How long are such reports retained for and is the Chief Constable satisfied that the retention of reports and information which identifies individuals is in line with legislative requirements

Answer

The Police Service of Northern Ireland’s Strategic Communication and Engagement Department conducts general social media monitoring in relation to community sentiment. This is distinct from the Service’s law enforcement and intelligence gathering function. The purpose is to gauge public sentiment, reviewing attitudes to policing activity and monitoring trends over time to help assess the impact of policing activity in general or in response to specific matters. There is a business need to do this as part of police engagement and consideration of the effectiveness of policing activities and not as a form of any indirect surveillance or large scale harvesting of data.

The Strategic Communication and Engagement Department do not monitor individual social media accounts.

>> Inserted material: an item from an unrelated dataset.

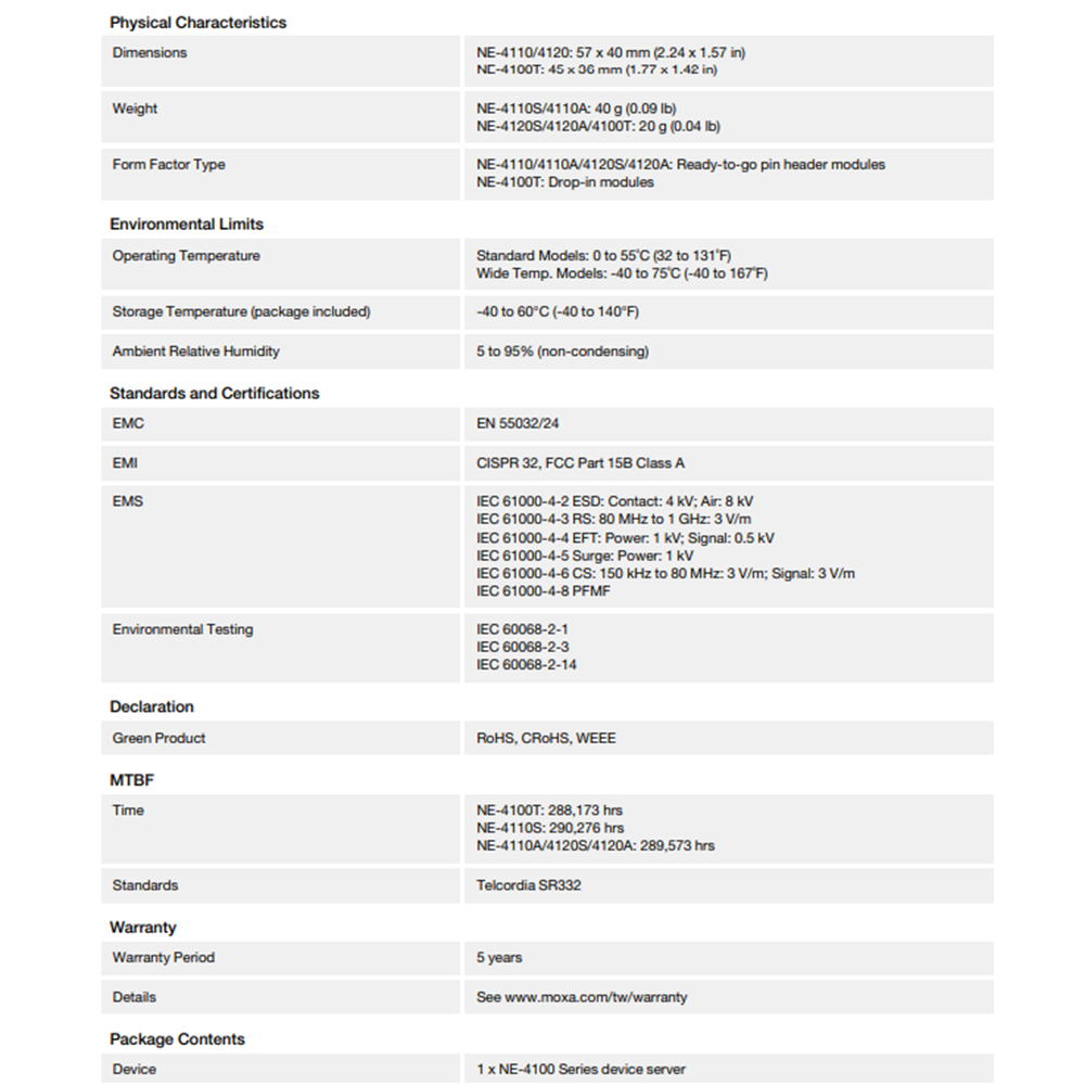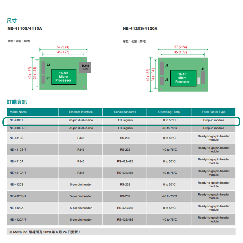 昌運監視器 MOXA NE-4100T 10/100 Mbps內嵌式串列裝置伺服器 26針雙列直插式 TTL訊號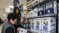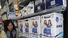 (서울=뉴스1) 박세연 기자 = 6일 서울 송파구 롯데마트 월드타워점에서 직원이 요소수를 진열하고 있다. 중국 통관이 한국에- 2023-12-06 12:58

Some of the public domain content captured in reports may hold personal data of members of the public. We will only hold personal information for as long as is necessary for our business purpose. In doing this we aim to comply with the third data protection principle in the General Data Protection Regulation 2018, which is a data minimisation principle and sets out that we (Police Service of Northern Ireland) should only hold information for as long as is necessary.

The third principle states:

Personal data shall be "adequate, relevant and limited to what is necessary in relation to the purposes for which they are processed" (Article 5 (1) (c) GDPR 2018)

We retain this information to monitor trends, highlight shifts of public opinion, gauge the sentiment of community advocates and assess the public mood in relation to general views on policing or about specific matters which may be continuously changing.

Following a review of the Strategic Communication and Engagement Department’s policy on information, the retention schedule was amended to take better account of the Third Data Protection Principle, and further minimise retention to a period of two years.